The Statistical Debate Behind the Stop-and-Frisk Verdict
As all the world now knows, Judge Shira Scheindlin has ruled that the New York City Police Department’s stop-and-frisk policy amounts to “a policy of indirect racial profiling” that violates the U.S. Constitution. But how did the she reach this conclusion? The answer turns out to be pretty interesting. It involves a number of statistical studies presented to the court by expert witnesses for the plaintiffs (a number of New Yorkers who claimed to have been stopped and frisked without cause) and the defense (the city of New York).

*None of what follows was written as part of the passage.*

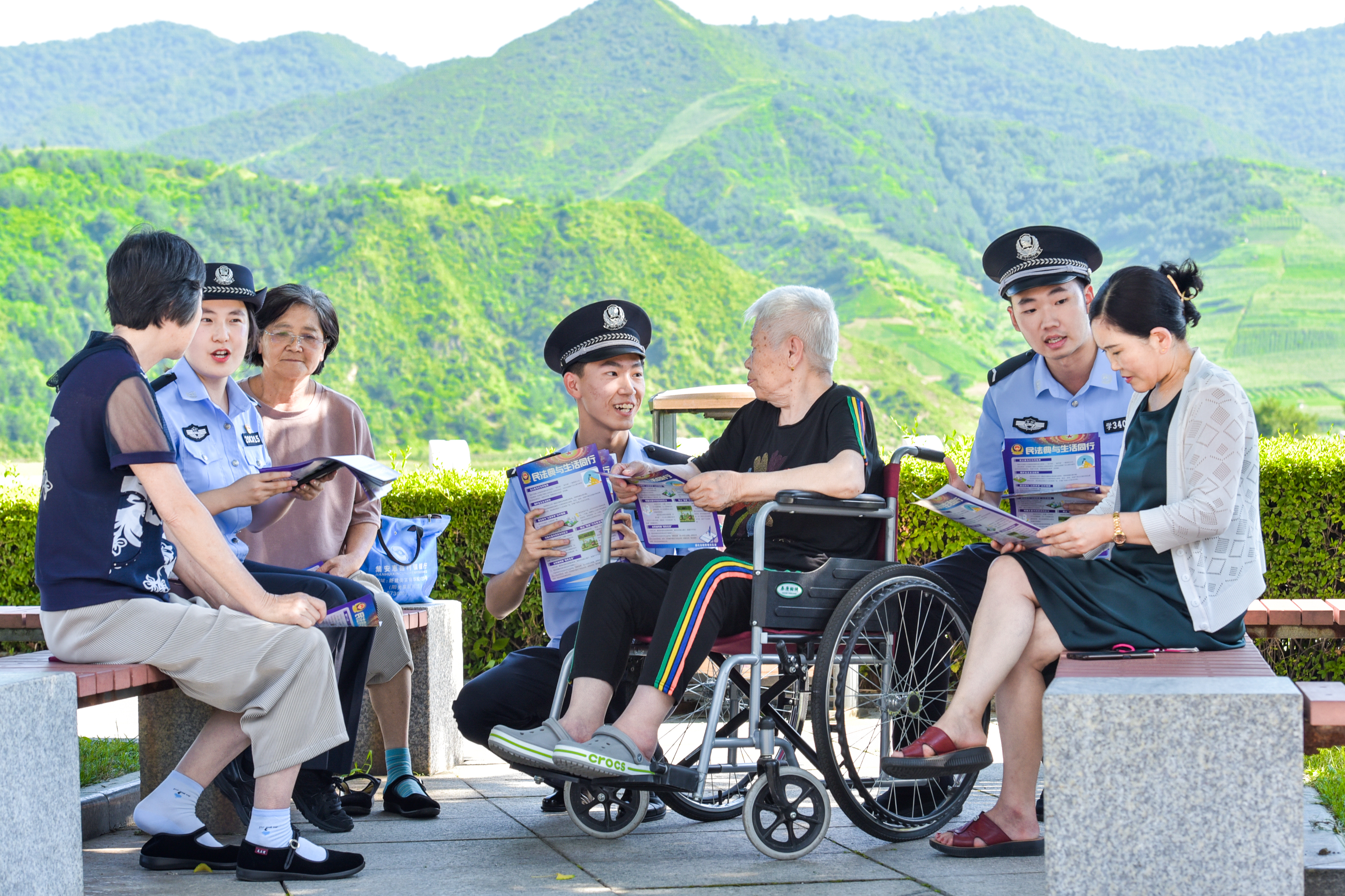 8月10日,來自警察院校的學員跟隨吉林省集安邊境管理大隊開發(fā)區(qū)邊境派出所民警深入轄區(qū)廣場、公園等場所開展法治宣傳活動,向廣大群眾普及反電信網(wǎng)絡(luò)詐騙法相關(guān)知識,增強防騙意識。圖為學員為群眾講解反詐知識。

From my reading of Judge Scheindlin’s opinion, which runs to almost two hundred pages, and a brief perusal of some of the expert testimony, the court’s decision seems like the correct one. (Like many New Yorkers, I think the stop-and-frisk policy went way too far and, in some neighborhoods, degenerated into racial harassment.) Still, Judge Scheindlin’s ruling isn’t without its quirks. In one instance, she criticized the conclusions of the plaintiffs’ expert witness; in another, she endorsed the same expert’s work and relied upon it to justify her ruling that stop-and-frisk is indirect racial profiling. If and when the city goes forward with its appeal, the methodology of the studies, and the interpretations that Judge Scheindlin placed upon their conclusions, are sure to be central issues. (For more on Scheindlin, see the piece that Jeffrey Toobin wrote for the magazine about her and the case earlier this year.)